Write the listing out again word for word, excluding any pictures.

━━━ Supplied information ━━━

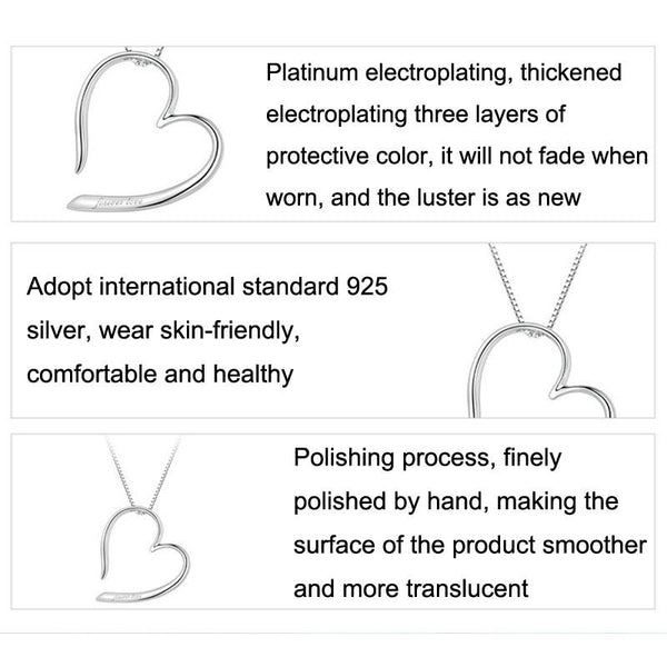 S925 Sterling Silver Platinum Plated Heart Necklace
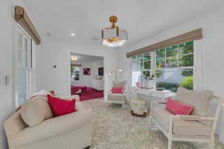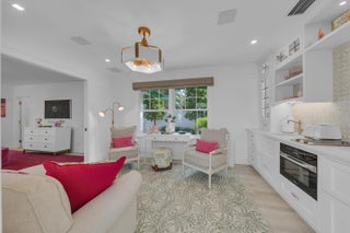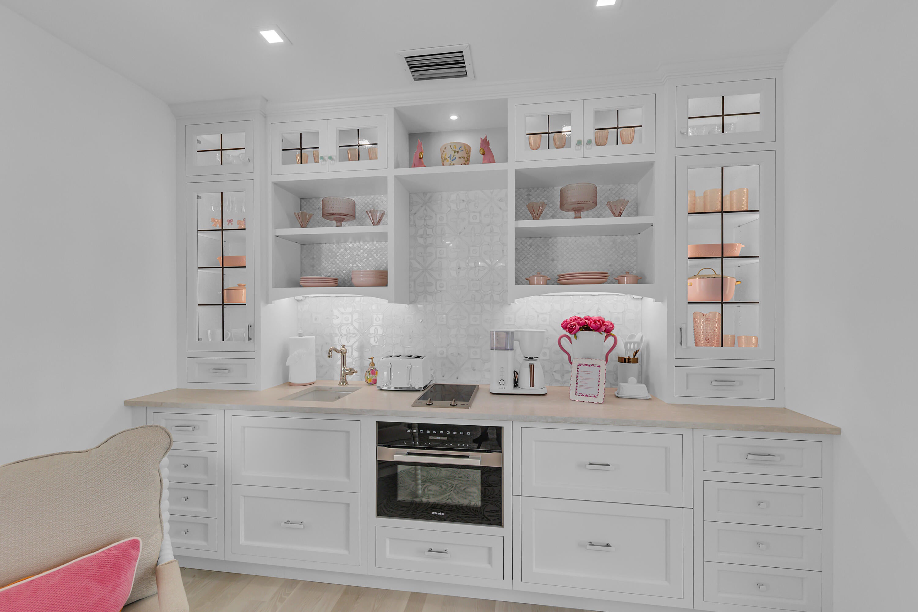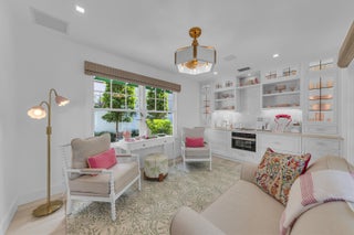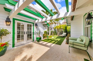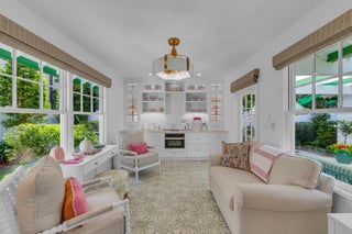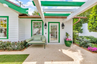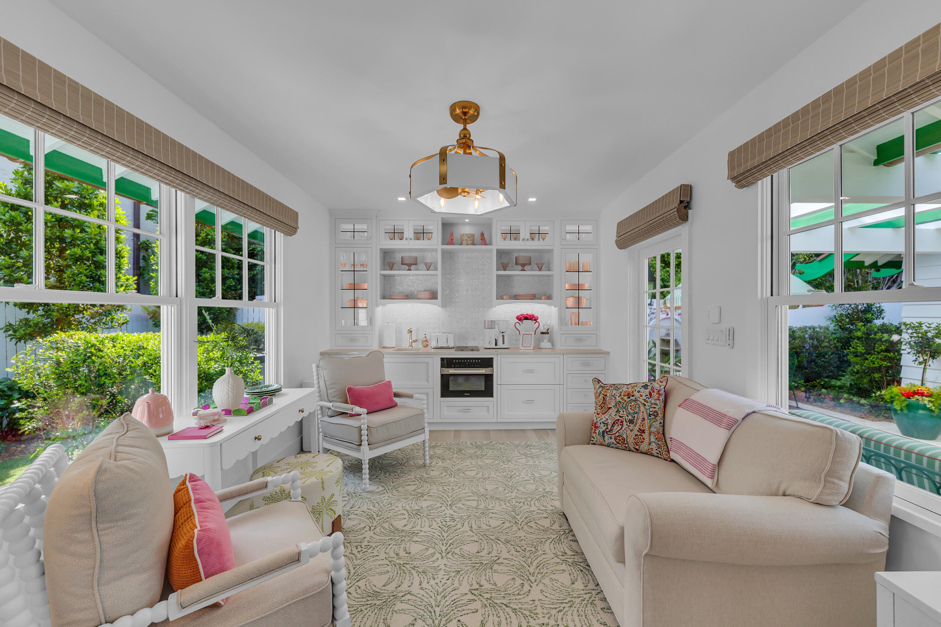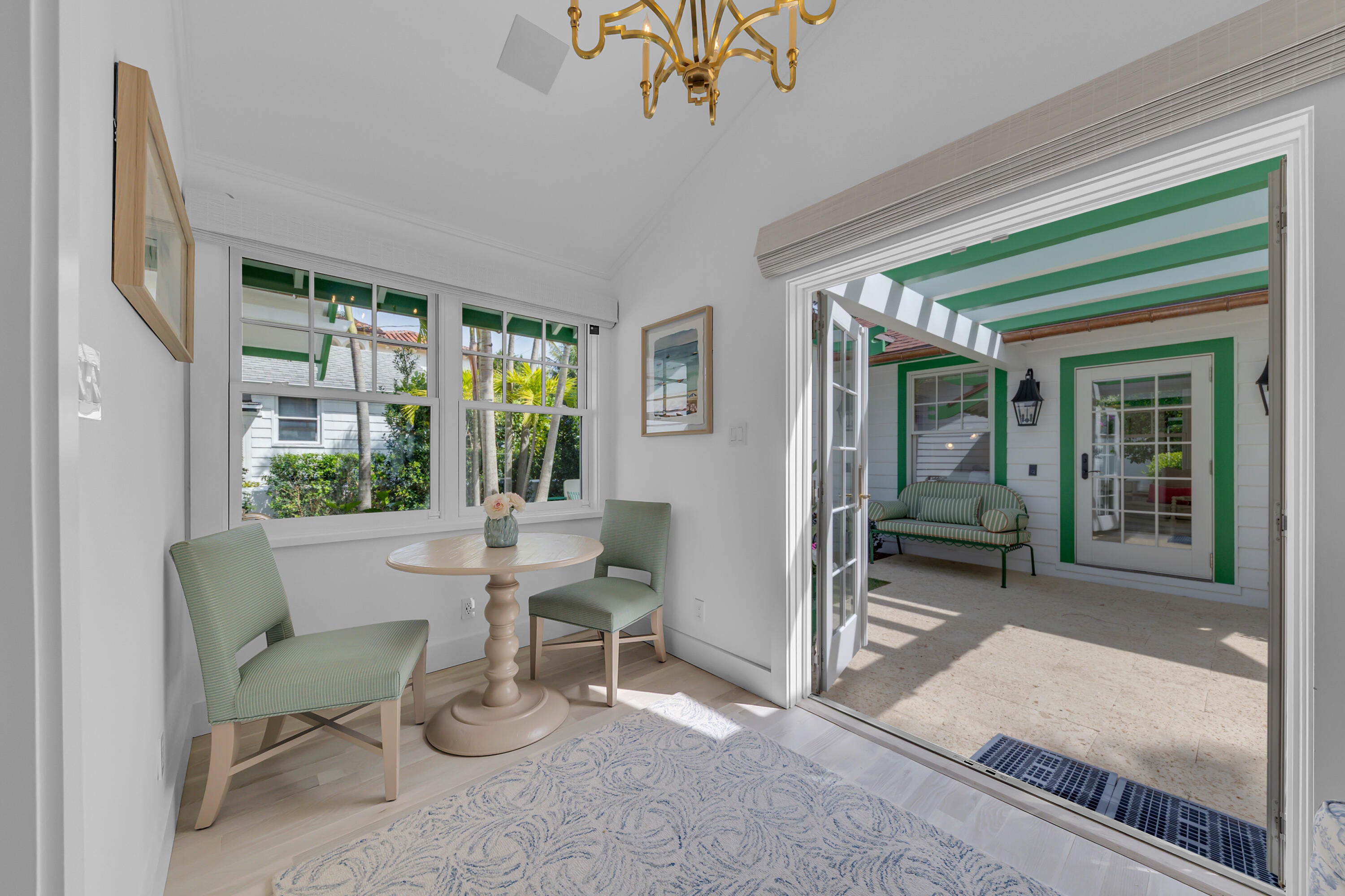 Rare Opportunity to Own a Piece of Palm Beach History. Step back in time when you enter this historic one-story Bungalow, originally built circa 1918. Landmarked by the current owner in November 2023, the home has been completely and lovingly renovated and preserved. This charming Bungalow features impact resistant, Double Hung Andersen windows, a new asphalt shingle roof, copper gutters, Detroit brick walkways, white picket fences and a delightful water fountain feature in the rear yard. Interiors boast original pecky cypress ceilings with matching built-in hutch, a gas fireplace, and an exceptional Jim Dove Design gourmet kitchen, featuring a handsome La Cornue gas stove and leaded glass in the cabinetry. Amazingly, this lot features not one, but two standalonehouses! The main house has two bedrooms and two marble baths. The rear cottage features one bedroom and one bath and a full kitchenette with Miele appliances. The two structures are excellent examples of the Bungalow style of architecture popular in the early twentieth century. Their distinguishing characteristics include the original cypress clapboard siding, low-pitched gable roofs with wide cave overhangs, and exposed rafter tails plus the original front porch Coral stone piers, which match the tall chimney constructed of the same. The landscaping is comprised entirely of Florida native plantings.
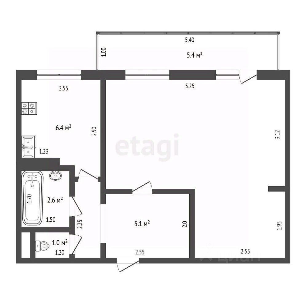 Площадь: 38,5 квадратных метров

━━━

- **Task output**:
 S925 Sterling Silver Platinum Plated Heart Necklace
 Rare Opportunity to Own a Piece of Palm Beach History. Step back in time when you enter this historic one-story Bungalow, originally built circa 1918. Landmarked by the current owner in November 2023, the home has been completely and lovingly renovated and preserved. This charming Bungalow features impact resistant, Double Hung Andersen windows, a new asphalt shingle roof, copper gutters, Detroit brick walkways, white picket fences and a delightful water fountain feature in the rear yard. Interiors boast original pecky cypress ceilings with matching built-in hutch, a gas fireplace, and an exceptional Jim Dove Design gourmet kitchen, featuring a handsome La Cornue gas stove and leaded glass in the cabinetry. Amazingly, this lot features not one, but two standalonehouses! The main house has two bedrooms and two marble baths. The rear cottage features one bedroom and one bath and a full kitchenette with Miele appliances. The two structures are excellent examples of the Bungalow style of architecture popular in the early twentieth century. Their distinguishing characteristics include the original cypress clapboard siding, low-pitched gable roofs with wide cave overhangs, and exposed rafter tails plus the original front porch Coral stone piers, which match the tall chimney constructed of the same. The landscaping is comprised entirely of Florida native plantings.
 Площадь: 38,5 квадратных метров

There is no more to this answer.